Check the data types that Spark uses to write to the JDBC Data Source, make sure all these data types are supported by your database. If any of these data types are not supported by your database, you will need to map these data types to the one that supported by your database by overriding the `getJDBCType` method.

First, go to JdbcUtils class inside package org.apache.spark.jdbc, you will find getCommonJDBCType method as shown below

def getCommonJDBCType(dt: DataType): Option[JdbcType] = {
dt match {
case IntegerType => Option(JdbcType("INTEGER", java.sql.Types.INTEGER))
case LongType => Option(JdbcType("BIGINT", java.sql.Types.BIGINT))
case DoubleType => Option(JdbcType("DOUBLE PRECISION", java.sql.Types.DOUBLE))
case FloatType => Option(JdbcType("REAL", java.sql.Types.FLOAT))
case ShortType => Option(JdbcType("INTEGER", java.sql.Types.SMALLINT))
case ByteType => Option(JdbcType("BYTE", java.sql.Types.TINYINT))
case BooleanType => Option(JdbcType("BIT(1)", java.sql.Types.BIT))
case StringType => Option(JdbcType("TEXT", java.sql.Types.CLOB))
case BinaryType => Option(JdbcType("BLOB", java.sql.Types.BLOB))
case TimestampType => Option(JdbcType("TIMESTAMP", java.sql.Types.TIMESTAMP))
case DateType => Option(JdbcType("DATE", java.sql.Types.DATE))
case t: DecimalType => Option(
JdbcType(s"DECIMAL(${t.precision},${t.scale})", java.sql.Types.DECIMAL))
case _ => None
}
}

By comparing the data types in the above method and the data types that are supported by SQLite, you will find out that SQLite supports all these data types. However, since SQLite supports SMALLINT, we can map ShortType to SMALLINT instead of INTEGER by overriding the getJDBCType API.
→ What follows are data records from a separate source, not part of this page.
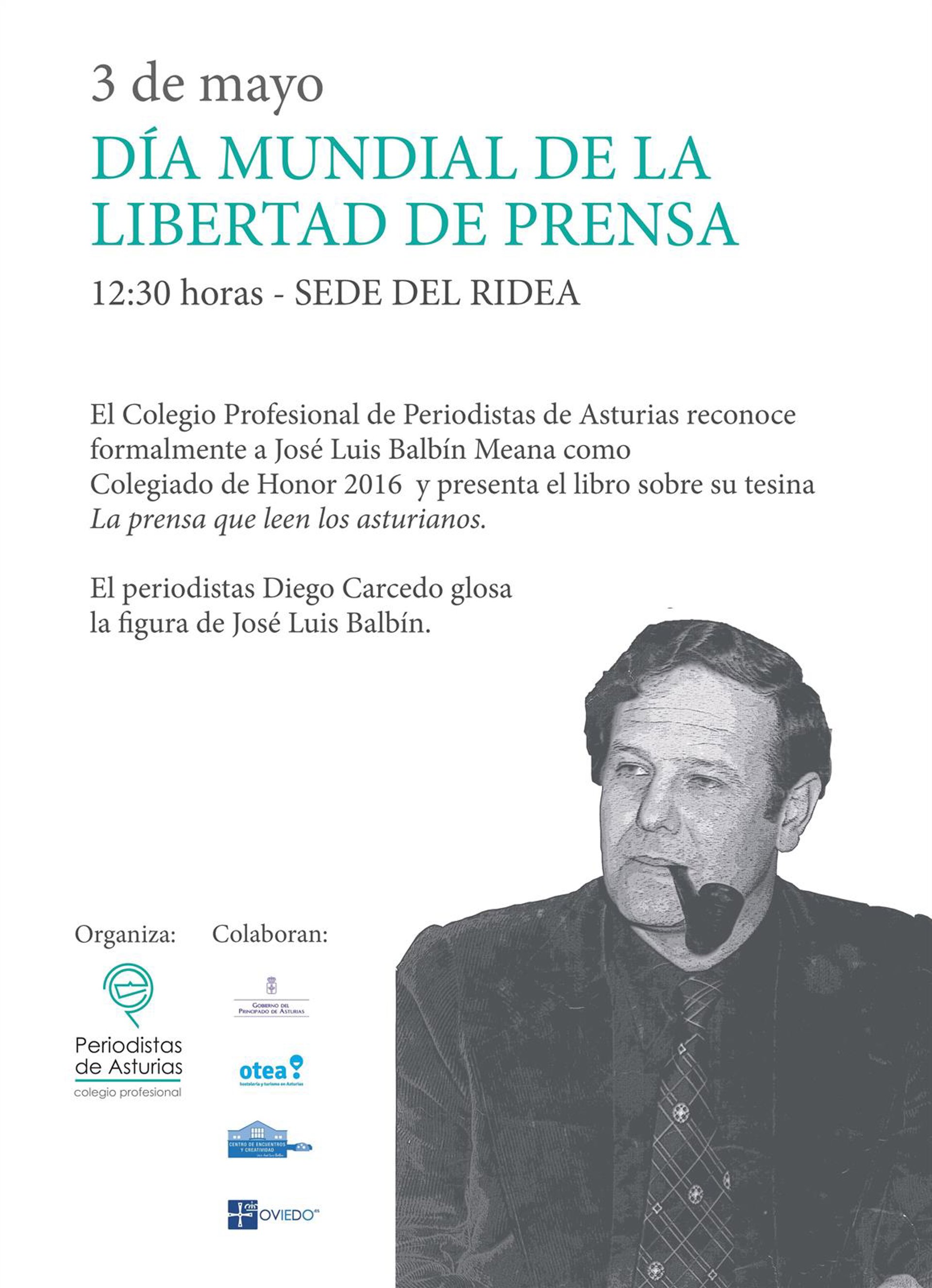 El periodista asturiano José Luis Balbín será nombrado este próximo martes, 3 de mayo, Colegiado de Honor 2016 del Colegio Profesional de Periodistas de Asturias, coincidiendo con la celebración del Día Mundial de la Libertad de Prensa.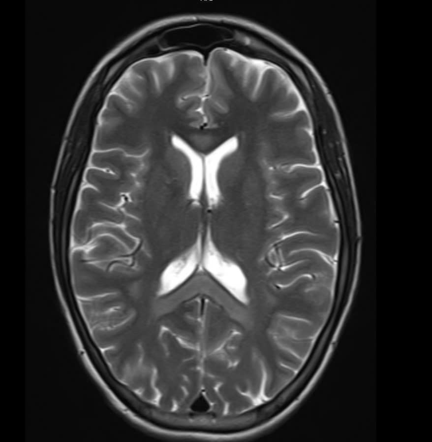 Hình ảnh chụp MRI sọ não bệnh nhân vị tổn thương lan tỏa hai bán cầu và thể chai.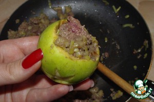 • Яблоки начиняем полученным фаршем и запекаем в духовке или в микроволновке под грилем (без микроволн). Запекать нужно до мягкости яблок (по времени не скажу, сама ориентировалась "на глаз"). В духовке - при температуре 170 градусов.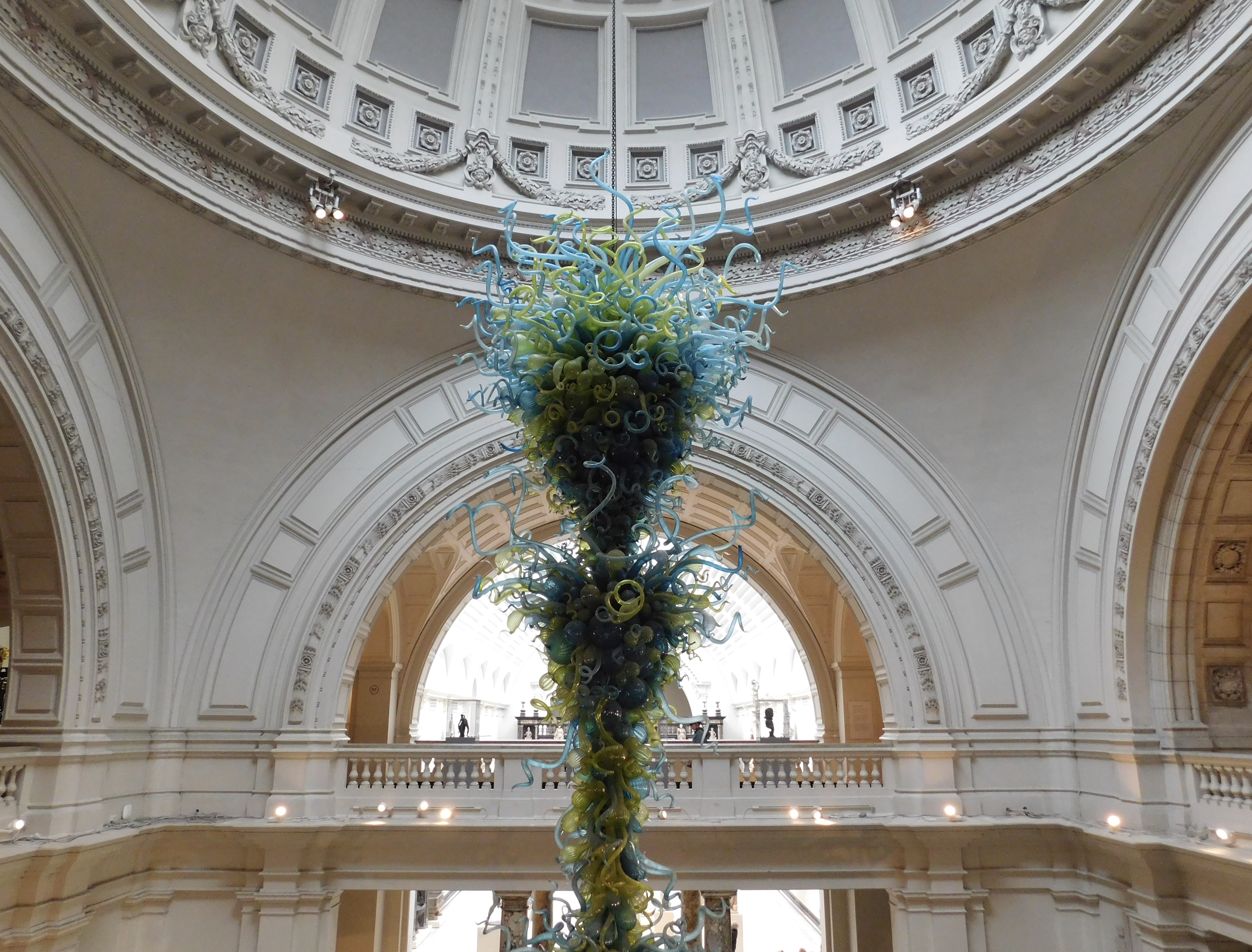 Glasswork by Chihuly hanging near the entrance of the Victoria and Albert Museum. 📸: Stephanie Gilbert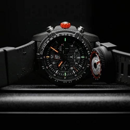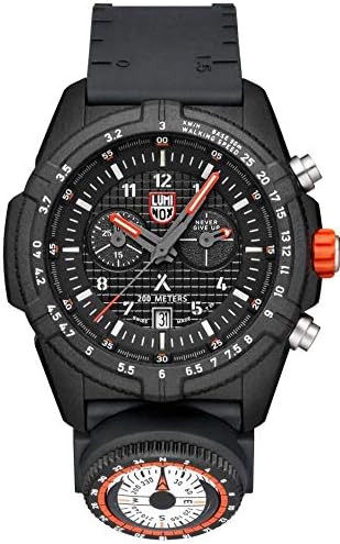 Men's watch in black rubber from Luminox -- The watch has a black Carbonox case with a diameter of 45 mm -- Black dial, luminous hands, indices and red second hand, compass, with date display, stopwatch, pin buckle, Luminox logo -- The watch has a water resistance of 200 metres -- Movement: quartz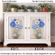 A charming shabby chic botanical composition featuring a bouquet of large blue and ivory flowers arranged against a softly textured vintage background. The blooms resemble stylized daisies and garden flowers, with layered petals in shades of cobalt blue, sky blue, and creamy white. Each flower has a decorative golden center reminiscent of antique brooches or vintage jewelry, adding a subtle touch of elegance and sparkle.

override def getJDBCType(dt: DataType): Option[JdbcType] = dt match 
{
case ShortType => Option(JdbcType("SMALLINT", Types.SMALLINT))
case _ => None
}

4.

/**
* Quotes the identifier. This is used to put quotes around the
* identifier in case the column name is a reserved keyword, or in
* case it contains characters that require quotes (e.g. space).
*/

def quoteIdentifier(colName: String): String = {
s""""$colName""""
}

SQLite can use double quote, single quote or back tick to quote the identifier, so there is no need to override this API.

5.

/**
* Get the SQL query that should be used to find if the given table
* exists. Dialects can override this method to return a query
* that works best in a particular database.
*
@param table The name of the table.
*
@return The SQL query to use for checking the table.
*/

def getTableExistsQuery(table: String): String = {
s"SELECT * FROM $table WHERE 1=0"
}
/**
* The SQL query that should be used to discover the schema of a
* table. It only needs to ensure that the result set has the same
* schema as the table, such as by calling
* "SELECT * ...". Dialects can override this method to return a
* query that works best in a particular database.
*
@param table The name of the table.
*
@return The SQL query to use for discovering the schema.
*/
@Since("2.1.0")
def getSchemaQuery(table: String): String = {
s"SELECT * FROM $table WHERE 1=0"
}

Spark usesSELECT * FROM $table WHERE 1=0” for both getTableExistsQuery and getSchemaQuery. You will need to check if this SQL statement works with your database. If not, you will need to override this API in your dialect implementation. SQLite supports this SQL statement, so there is no need to do anything here.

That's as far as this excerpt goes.